Exercise data:
***

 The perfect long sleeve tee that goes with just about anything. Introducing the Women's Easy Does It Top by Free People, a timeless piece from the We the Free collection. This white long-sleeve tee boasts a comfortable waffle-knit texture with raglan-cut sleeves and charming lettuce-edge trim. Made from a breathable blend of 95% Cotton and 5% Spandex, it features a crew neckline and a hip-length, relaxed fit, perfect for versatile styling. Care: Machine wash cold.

***

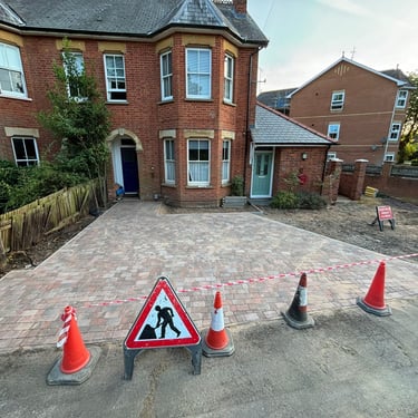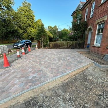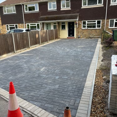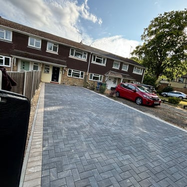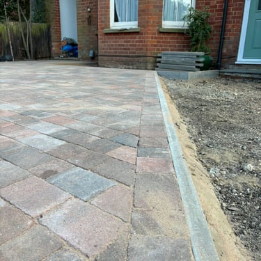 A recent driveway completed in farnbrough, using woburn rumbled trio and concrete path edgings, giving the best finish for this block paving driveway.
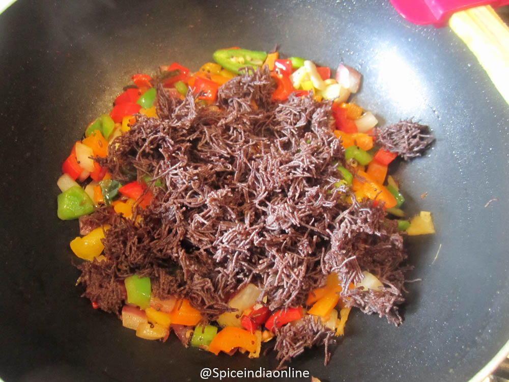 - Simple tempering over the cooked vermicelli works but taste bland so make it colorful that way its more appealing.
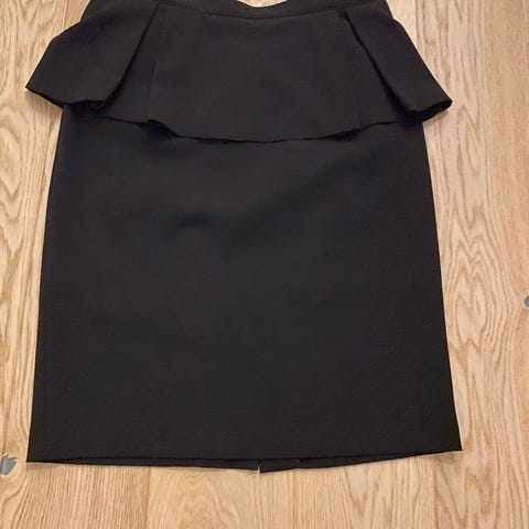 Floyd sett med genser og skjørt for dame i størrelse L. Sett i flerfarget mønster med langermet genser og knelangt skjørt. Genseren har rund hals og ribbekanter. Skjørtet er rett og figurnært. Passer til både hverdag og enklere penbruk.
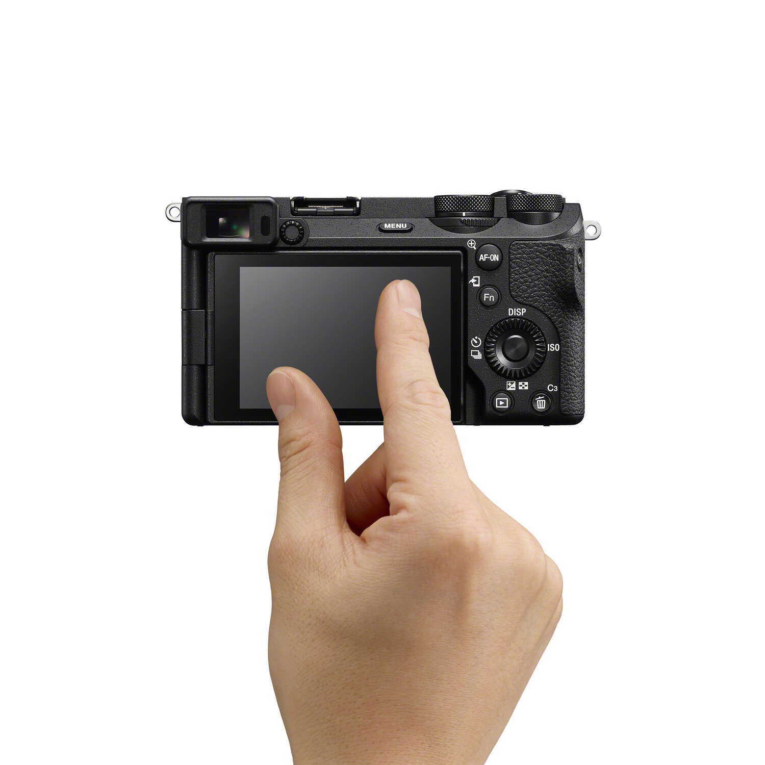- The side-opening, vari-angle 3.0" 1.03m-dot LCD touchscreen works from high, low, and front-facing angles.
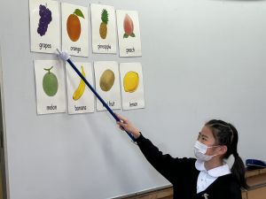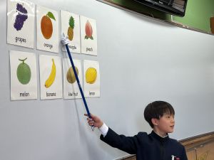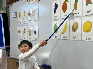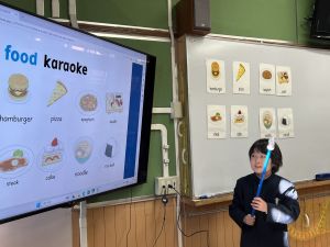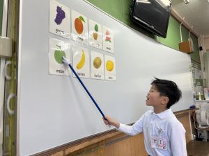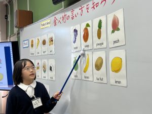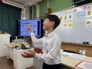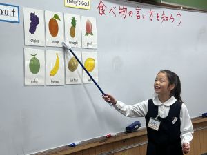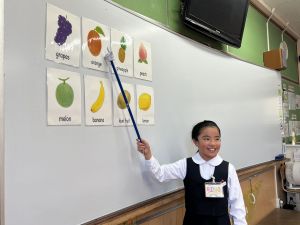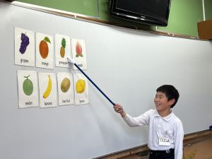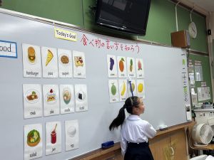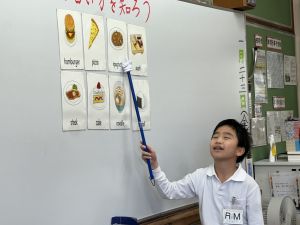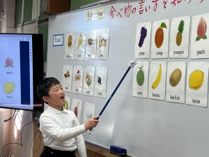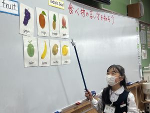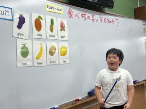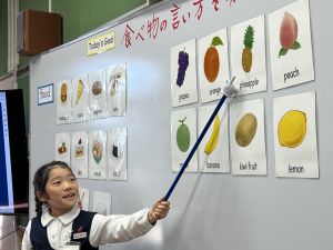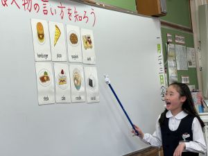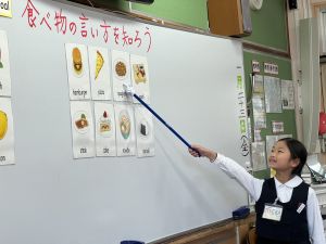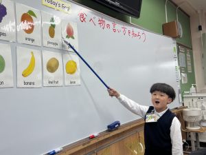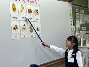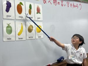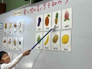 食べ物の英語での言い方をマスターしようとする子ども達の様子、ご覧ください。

***

In the data above, take the line with "Floyd sett med", the line with "食べ物の英語での言い方をマスターしようとする子ども達の様子、ご覧ください。", and every line between, and set them down exactly without pictures.

Task answer:
 Floyd sett med genser og skjørt for dame i størrelse L. Sett i flerfarget mønster med langermet genser og knelangt skjørt. Genseren har rund hals og ribbekanter. Skjørtet er rett og figurnært. Passer til både hverdag og enklere penbruk.
- The side-opening, vari-angle 3.0" 1.03m-dot LCD touchscreen works from high, low, and front-facing angles.
 食べ物の英語での言い方をマスターしようとする子ども達の様子、ご覧ください。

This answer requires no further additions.